When a disaster strikes, the first questions are often: how severe, who is affected and where is help available? The answers depend on data. But increasingly, they also depend on trust – a component around data that’s less visible, and, increasingly, more fragile.
The World Disasters Report 2026, recently published by the International Federation of Red Cross and Red Crescent Societies (IFRC), is dedicated entirely to the recent explosion in misinformation in the humanitarian space. It argues that harmful information is no longer just a communications problem. It is a humanitarian risk, one that erodes trust and blocks life-saving operations.
An example: in 2018 in the Democratic Republic of Congo (DRC), Red Cross volunteers were working on slowing the spread of Ebola when rumors began, blaming the volunteers for bringing the virus into communities. This misinformation fuelled mistrust, leading at times to violence against Red Cross teams, particularly those conducting safe and dignified burials.
Or take the case of Canada in 2024, when wildfires devastated the small mountain town of Jasper, Alberta. The Canadian Red Cross responded immediately, providing shelter, financial assistance and a range of personal support services to evacuees. During the response, however, a coordinated disinformation campaign emerged, falsely claiming that the Canadian Red Cross was absent locally and that funds would not benefit the community.
When communities believe rumors more than the people trying to help them, neither the best medicine nor the best support services can do their job.
So it’s vital to push back.
In the DRC, the DRC Red Cross placed community engagement at the centre of its strategy.

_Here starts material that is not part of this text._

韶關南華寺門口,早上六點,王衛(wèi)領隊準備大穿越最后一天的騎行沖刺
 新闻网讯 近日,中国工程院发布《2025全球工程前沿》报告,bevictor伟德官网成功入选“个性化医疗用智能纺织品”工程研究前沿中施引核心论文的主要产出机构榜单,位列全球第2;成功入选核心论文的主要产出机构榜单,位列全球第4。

Volunteers went door to door sharing information on how to prevent, detect and respond to Ebola, hosted radio talk shows, organized mobile cinemas and conducted outreach to vulnerable groups. This approach had a measurable impact: community resistance and aversion to burials dropped drastically from 79% in the first two months of the operation to just 8% in September 2019.

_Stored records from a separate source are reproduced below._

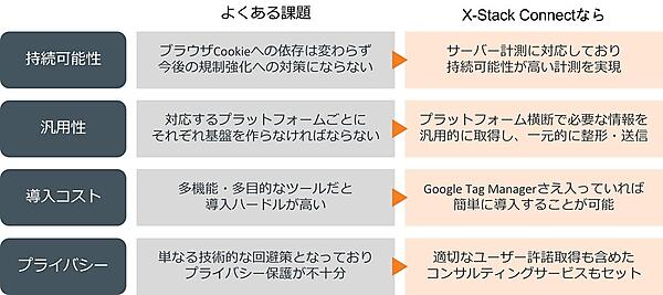 X-Stack Connectは、計測環境としての持続可能性▽汎用(はんよう)性の高い実装方式▽導入ハードルの低減▽プライバシー保護への配慮--の特長がある。持続可能性では、サーバー側のアクセスログとフォームの入力情報の両方を使う計測に対応し、Cookieに頼らない計測基盤を実現した。導入は、Googleのタグ管理ツール「Google Tag Manager」をサイトに設置し、そこからの情報をクラウド環境で処理する方式を採用することで容易にした。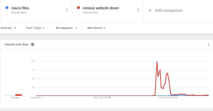 根据Google趋势的统计,与同时发生在9日的澳大利亚统计局官网被黑事件相比,搜索瑙鲁文件的澳大利亚网友少得可怜。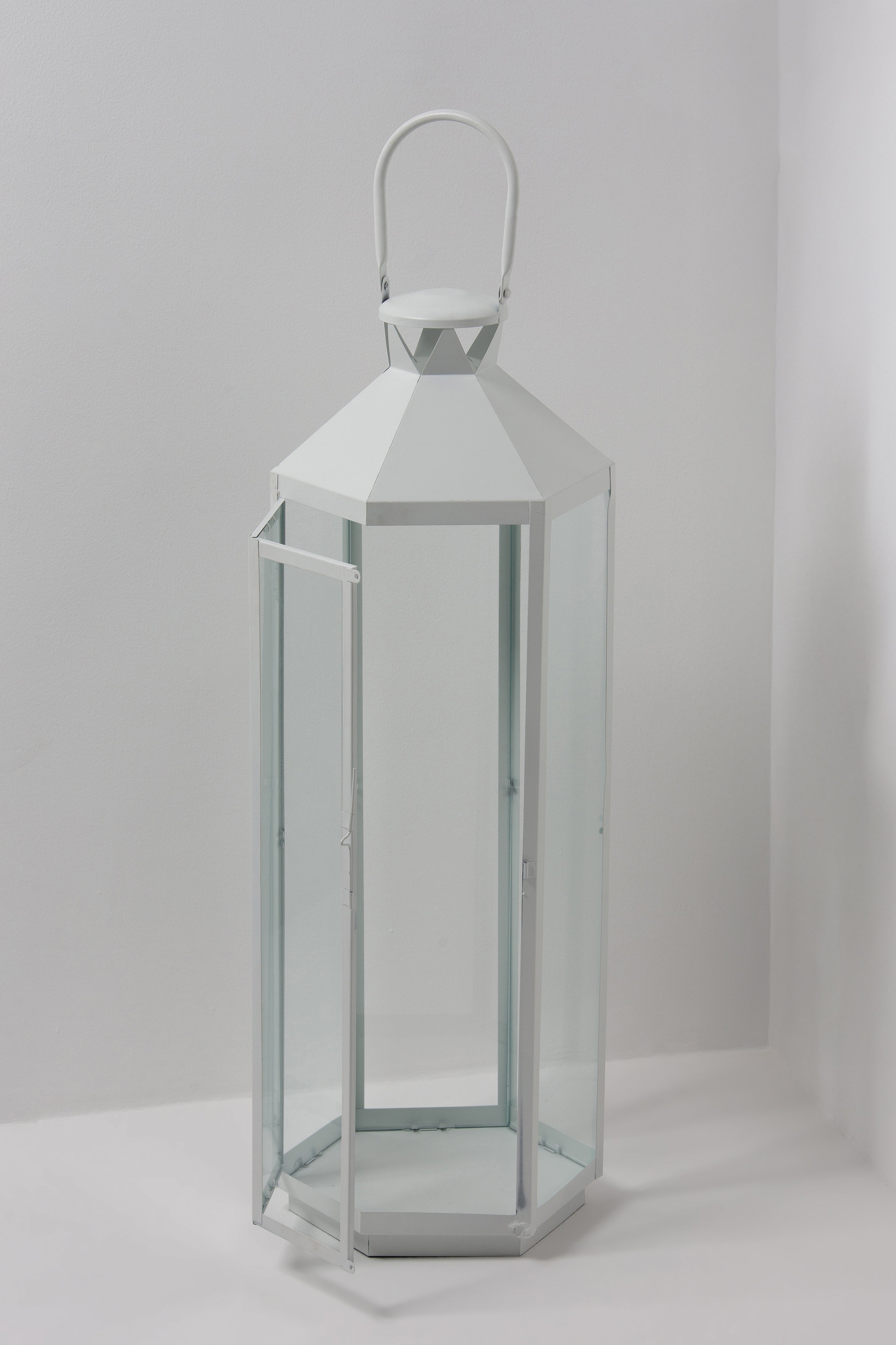 Bring a warm, inviting glow to your space with these elegantly crafted lanterns, featuring a crisp white metal frame and clear glass panels. The hexagonal design adds a modern touch, while the sleek handle allows easy placement indoors or outdoors. Whether styled alone or grouped, these lanterns create an ambient setting, perfect for any occasion.

In Alberta, the Canadian Red Cross challenged and corrected the disinformation in real time, highlighting its successful emergency relief operation and the impact on the community. Results from pulse surveys showed increased levels of trust in the Red Cross throughout the area.
Pushing back, therefore, takes time and uses resources. The World Disasters Report argues that reliable information – and the establishment of trust – has become a basic humanitarian need. Alongside food, water, shelter and healthcare, people in crisis must trust those guiding life-changing decisions, or vaccines may be rejected and evacuation warnings ignored.

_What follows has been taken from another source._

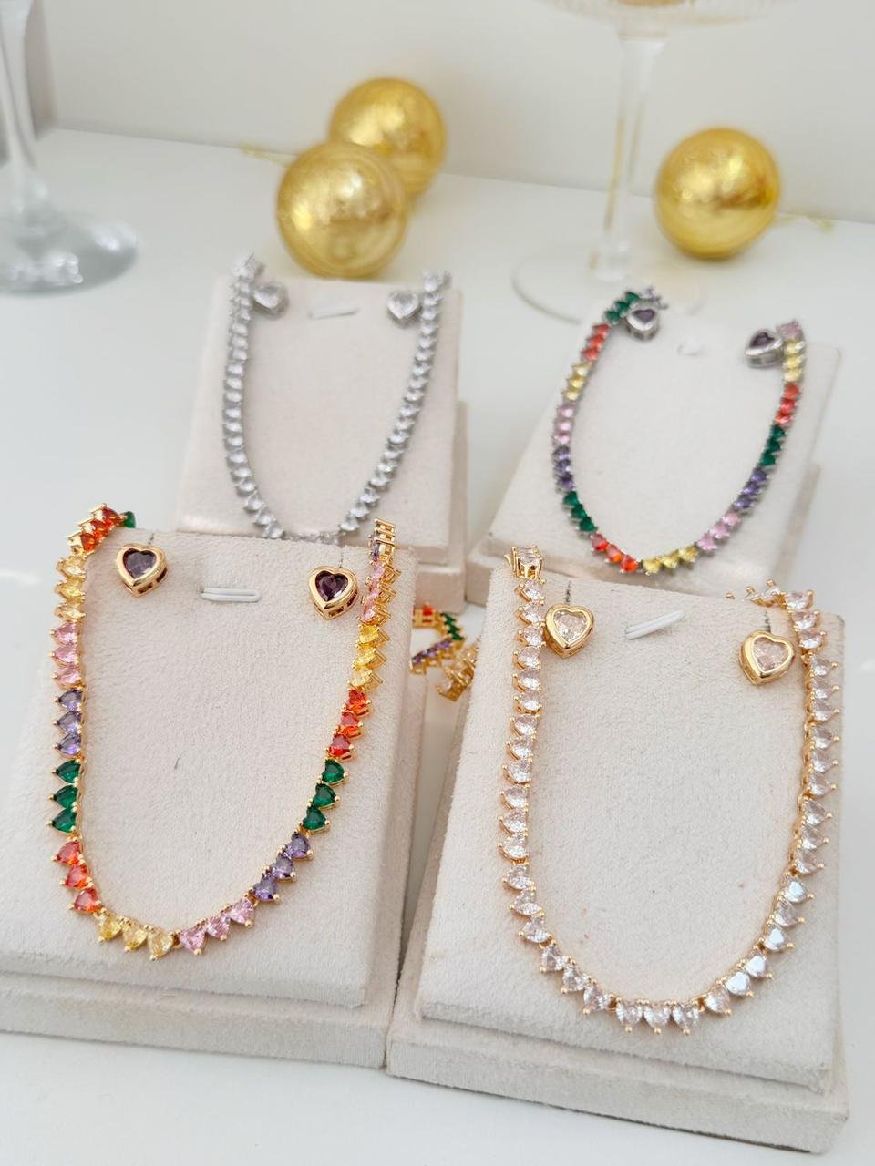 CONJ27 Conjunto riviera love fecho gaveta com zirconia cravejadas folheado

Today, we cannot assume trust as a given. It must be built in a reinforcing loop: from belief, to proof, to consistency. It must be earned repeatedly and through transparency. Local Red Cross and Red Crescent staff and volunteers are well-placed to achieve this. Their proximity and credibility can be a huge asset.
But of course, trust is no longer relevant only in physical communities. It appears in digital spaces – group chats, social media networks and online forums where narratives spread rapidly and shape public perception. False claims, rumors and manipulated narratives can travel faster than accurate assessments, shaping attitudes against those willing to help.
For humanitarian organizations like the IFRC, this nuance changes the meaning behind “local.” Showing up physically is simply no longer enough if the real conversation is happening online.
Instead, being present in communities now also means being present in the information spaces where people form opinions and, subsequently, make decisions.
The World Disasters Report argues that harmful information must be treated as an operational risk – something anticipated and managed just like logistics, security or access constraints.
It also calls for a broader shift: recognizing that information itself is a form of aid.
Providing communities with trusted, actionable information can be as life-saving as medicine or food. That means investing far more in community engagement. Nowadays, we too often think artificial intelligence has all the answers. In fact, stronger “humanitarian intelligence” – understanding how information moves and where trust is built or broken – is more important than ever.
But ultimately, addressing harmful information cannot fall to humanitarian organizations alone. Other international organizations, governments, technology companies, media and communities all play a role in shaping the information environments in which crises unfold.
Confronting this challenge requires stronger cooperation across sectors – from improving early warning and verification systems to investing in community engagement and ensuring trusted information reaches those who need it most. At a time when humanitarian needs are rising, protecting the integrity of information is essential to protecting lives.